My Uncle Bill’s life was celebrated, and he was mourned and shown to his final resting place last month on the same Thursday and Friday in June that over a thousand remembered the gentle giant, Father Barry McLean. Both the men died on the same day. Two excellent examples of the faith, gone, just like that.
My Uncle Bill had a huge influence in my life. It was 1973 when I visited him and my Aunt Loretta, another marvelous example of character in our family, in their suburban Columbus, Ohio, home. In the corner of their backyard were a set of stairs that led to a pathway across a creek. Over the creek was a snow-covered meadow and I remember distinctly walking across it even after almost 40 years. My memories, I suppose, remain so great of that walk because at the end of it was a church, St. Pius X, my aunt and uncle’s home parish.
I still remember my first Mass and the serenity and peace I felt. The feeling of calm I was left with. The newness of the worship experience.
Having been born a Southern Baptist, I was used to a somewhat different way of hearing the Word, and though I still count my childhood preacher, Brother Henry Kinkade, and Billy Graham as two major spiritual influences in my life, I will never forget the experience of that first Mass.
It would be 10 years before I was again treated to the Catholic way, when I met my wife Karen and went through RCIA.
My family never really opposed my move to Catholicism -- after all, Uncle Bill and Aunt Loretta were strongholds of the faith. When Karen and I told my parents I would be converting, though my mother had some hesitation, my father, I distinctly remember, simply said, “As long as you believe in Jesus, I don’t care how you do it.”
My Uncle Bill used to write letters, back when letter writing was how extended families communicated.

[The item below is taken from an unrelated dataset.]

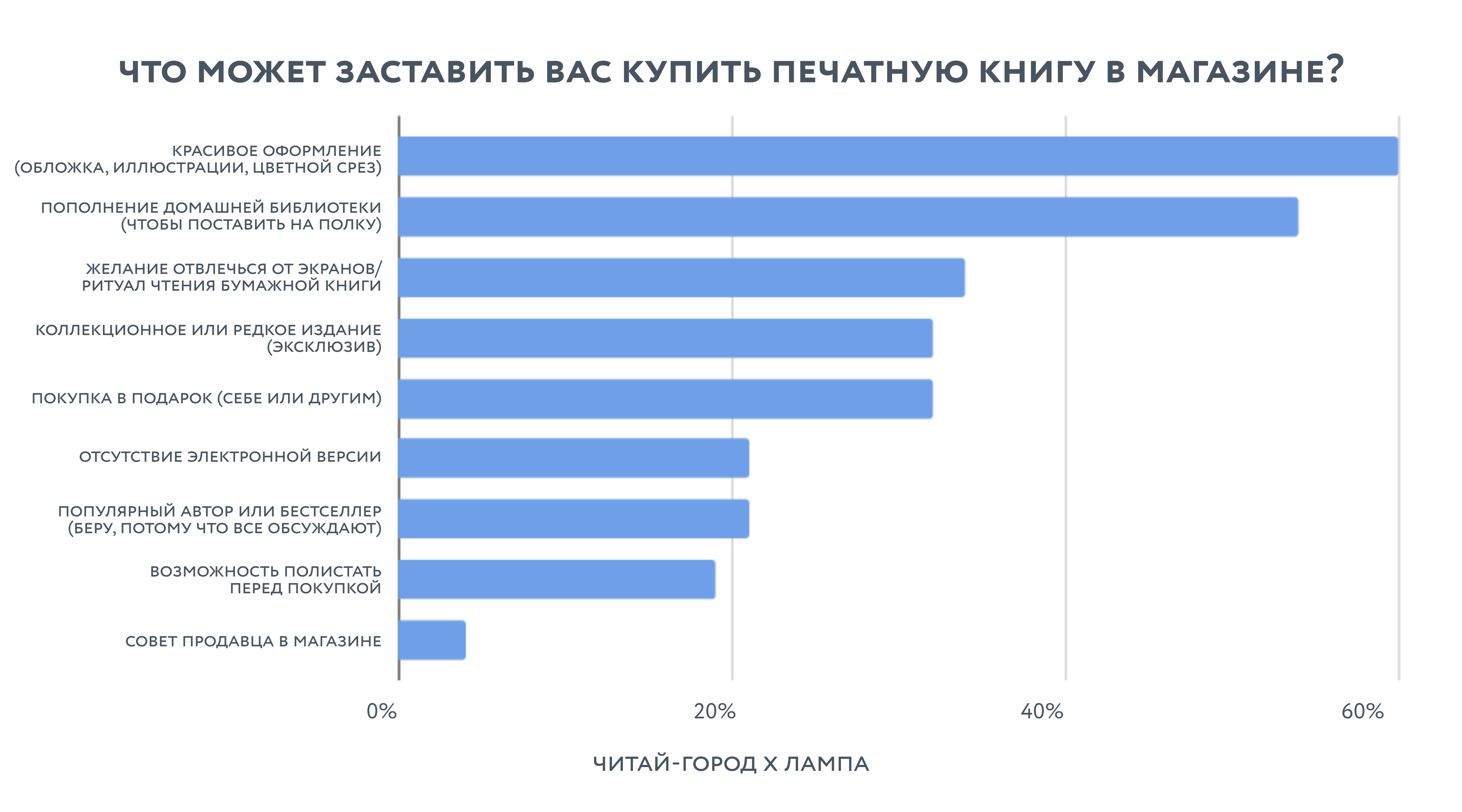 Визуальное впечатление становится решающим фактором покупки. 60% читателей признались: красивая обложка, цветной срез или необычное оформление могут заставить их купить книгу сразу. Совет консультанта в магазине при этом теряет прежнюю силу — он важен лишь для 4% покупателей.

Long distance charges were too much for most families, especially when they piled up every month. So my Uncle Bill would write letters and my father would sit in the living room and read them to my mom and me back in the day. And I loved those letters.

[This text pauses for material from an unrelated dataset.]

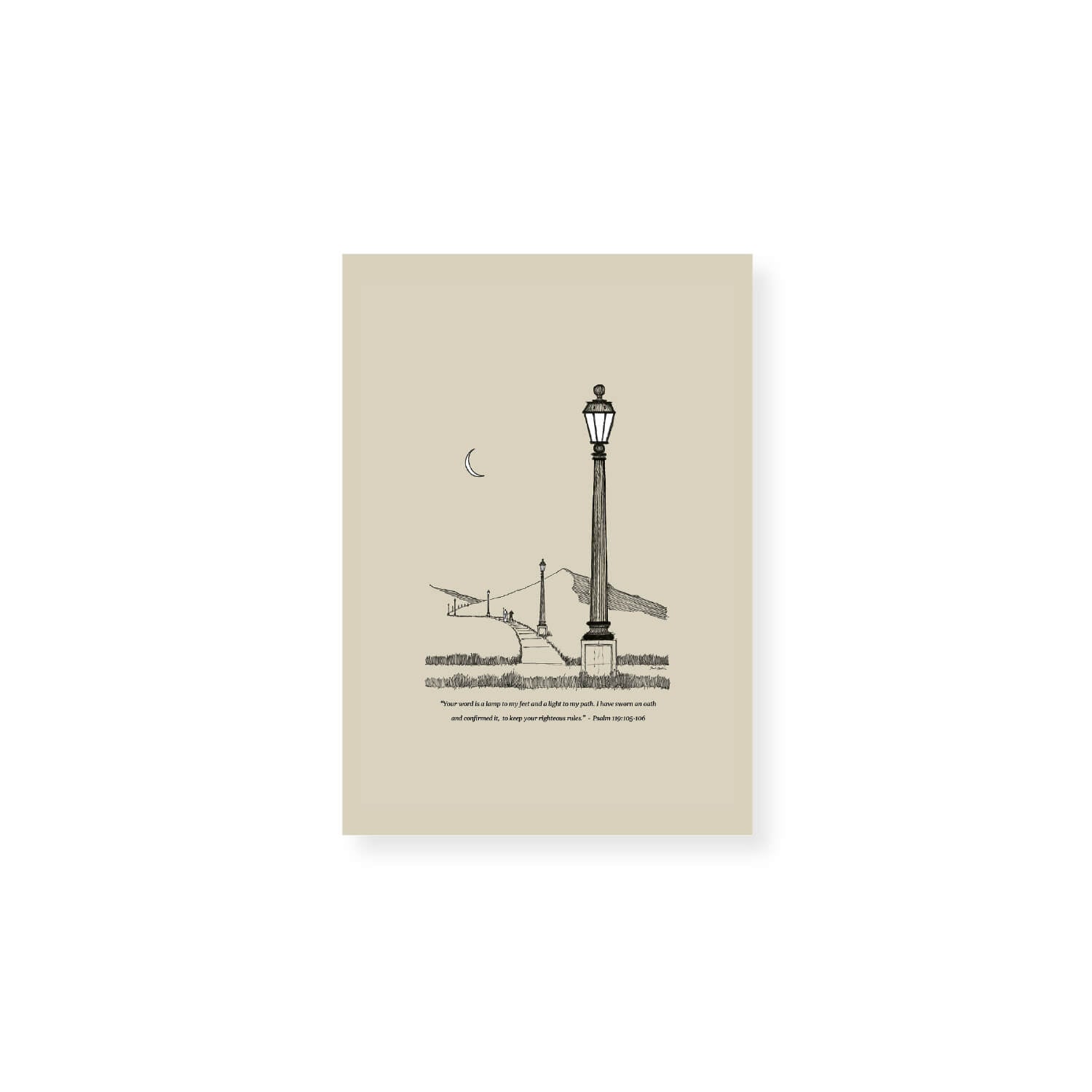 This hand-drawn sketch depicts Psalm 119:105-106:

They were funny and packed with the latest from the Ohio Pattersons. (We were the Texas Pattersons).
Listening to those readings of my uncle’s letters are I am sure what gave me my initial interest in writing and the appreciation I have for the power of the written world.
It can be easily argued that Uncle Bill, then, planted the seeds in me for both my faith and my profession, although my wife Karen has been the guiding light for both these past 30 years or so.

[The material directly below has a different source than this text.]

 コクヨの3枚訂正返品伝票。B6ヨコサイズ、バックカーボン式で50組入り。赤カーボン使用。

My uncle was a huge influence in my life and was one of my heroes.
At his funeral Mass at St. Pius X last month, he taught me another lesson; a lesson that my father had long since instilled in me, but perhaps I had not remembered quite the way I should have these years.
My grandmother lost two husbands. The first, Claude Patterson, my grandfather, died of a hereditary cancer the family still deals with today. Grandma’s second husband died in what my family still only refers to as “a horrible accident in a train yard.”
When my grandmother’s second husband died, she was on her own with four children — my father, my two uncles and my aunt. My dad was already away in the Navy, and would send his military paychecks back home to help my grandmother with the essentials. As much as it helped, it wasn’t enough to handle everything, and so my Uncle Bill, still in high school, moved out and got his own apartment so there would be enough money for his mother to raise his younger brother and sister.
Perhaps an even bigger lesson in humility I was reminded of at my uncle’s funeral was his work as an engineer at North American Aviation, a company that worked with NASA. Uncle Bill held the patent on the design of an antenna that improved communications between the Apollo spacecraft and mission control. I’m sure I was told the story years ago, but it was not something we went around bragging about.
Although Uncle Bill invented the improved communications aboard the spacecraft, he was an employee of North American Aviation, and as such, a cog in the machine, if you will. He never received — or, more importantly, sought out —recognition for his achievement and technological advancement. And he never received what he deserved. Sadly, a superior took credit for his accomplishment.
Throughout much of his life, Uncle Bill constantly fought a degenerative bone disease that made it nearly impossible for him to move even from room to room without a walking aid of some sort. Yet he was diligent in whatever craft he took up and was known in our family as a man who never met a clock he couldn’t fix. He worked with great intricacy on the tiniest of pieces.
Two days before he died he fell and the frailty of what remained of his physical body could no longer take any more upheaval. The fall was thought to have directly contributed to his death on June 17.
Two of my larger-than life heroes — my father and my uncle — are now gone.
Or are they?
Both left anyone they touched with a lifetime of lessons. Both taught that humility was a gift, bestowed by God’s grace. If that humility is practiced it will lead to a life from which many can learn much.
My uncle was a writer, a humorist, and an evangelizer of the faith. He was a good husband married 60 years to Aunt Loretta and a loving father of six children. He was a veteran of the United States Navy and he was a humble man who did what was asked of him and would have never thought once about shouting about his accomplishments.
Isaac Newton once said, “If I have seen further than others, it is by standing upon the shoulders of giants.”
In many ways, I am who I am today because of these two men who have served as great teachers.
Men of humility don’t strive to leave a mark on others, it just happens. What higher praise can be bestowed on one’s life?